By large tables we mean 1B+ rows. You'll likely do not want to do joins on them directly.
> You just do an either-way except
If one column in one of the tables is completely different, it'll return 1M rows. It's not exactly helpfull, so let's add an order by and limit. Now you'll need to spot differences in 100 column table, since hiding matching values is even more hand-written / generated sql.
It's pretty good to know about all problems upfront and not find and fix them one-by-one, but creating representative sample of differences is difficult to do with hand-written sql.
Then what about cross-db comparison, sampling, integrating with CI / github PRs?
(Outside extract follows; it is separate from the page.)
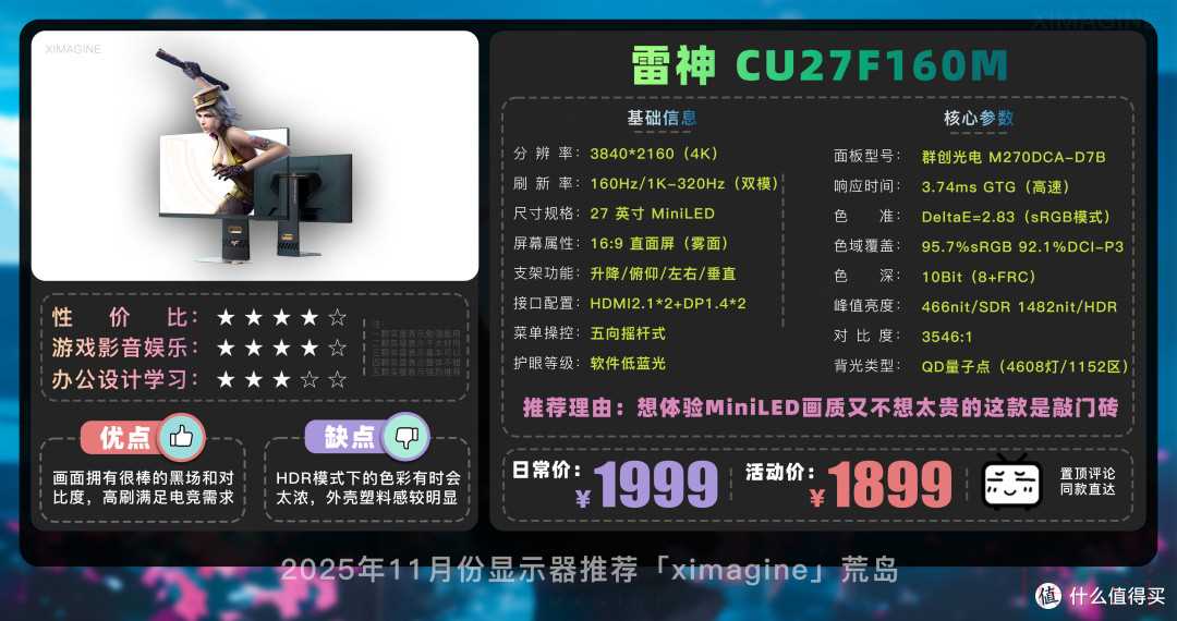 雷神 CU27F160M 采用群创 DCA-D7B 面板,它把高画质的 MiniLED 技术下放到了主流的 27 寸,并且兼顾了双模切换和高刷新率。这意味着不用在画质和速度之间做艰难的选择。玩游戏时,它能提供比普通 IPS 屏更深的黑色和更高的 1482nit HDR 亮度,让游戏世界的细节更丰富。同时 320Hz 刷新率也保证了画面操作的流畅感。OSD 菜单里有很多针对背光的调节选项,能够根据自己的喜好微调画面效果。如果你既想体验 MiniLED 的优秀画质,又不想牺牲游戏速度,1899 元的它是一个值得尝试的平衡点。
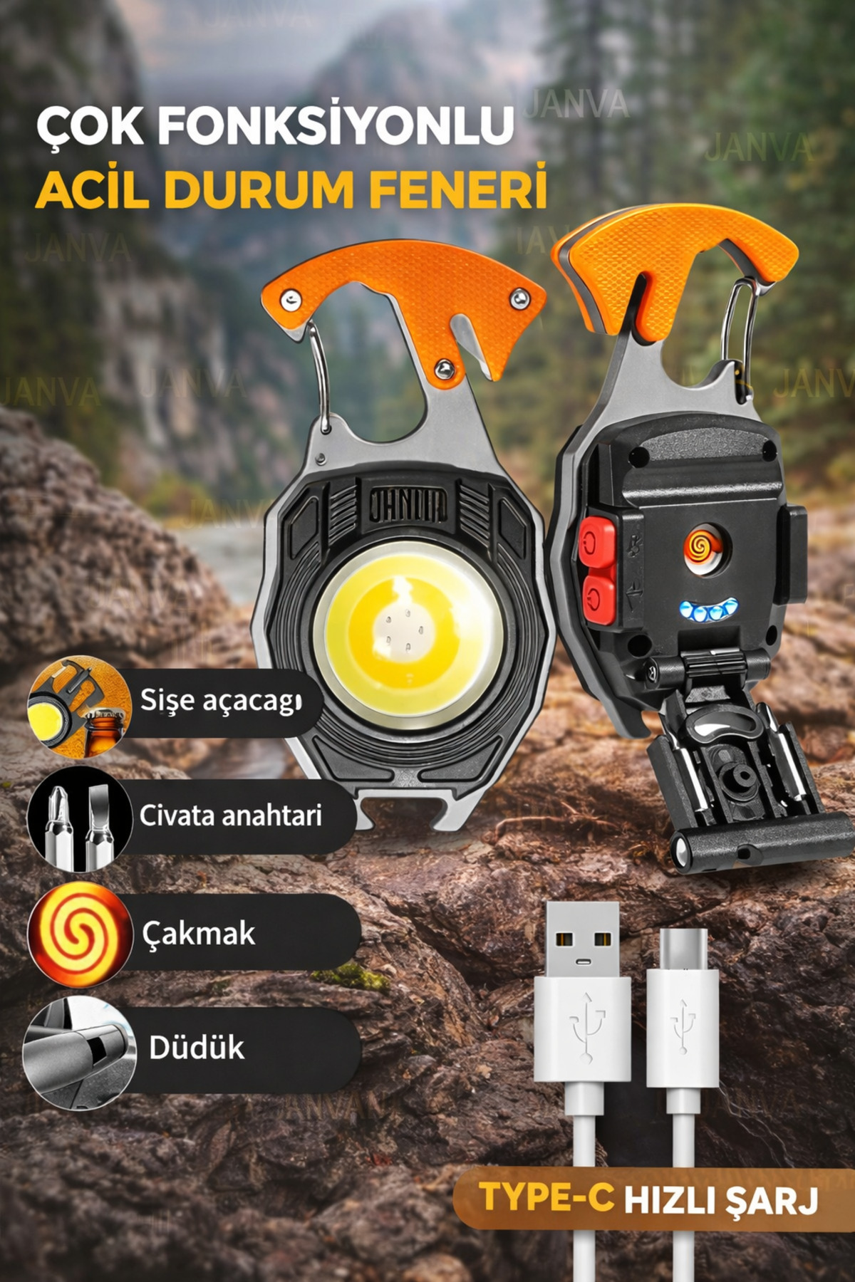 Janva Kamp Feneri Çok Fonksiyonlu Fener Anahtarlık Usb Çakmak Cam Kırıcı Kesici Düdük Tornavida Açacak ürünü ucuz fiyat, hızlı kargo imkanı ile hemen sitemizden sipariş verin.

> There are easy solutions with checksums, error correction (comes free with networks) or round-tripping, is that a problem
Some companies are using complex pipelines that can and sometimes do lose events. Often they don't need their data to be 100% perfect. So they need to know if they lost anything, what exactly and if it's within acceptable range.
As always, roll-your-own is a valid approach, as is using already available tools to save time. Many large companies like Uber and Spotify with data teams of 100+ have detailed roadmaps for diffing tools because they find their data engineers spending days doing regression testing, and they must be proficient with SQL.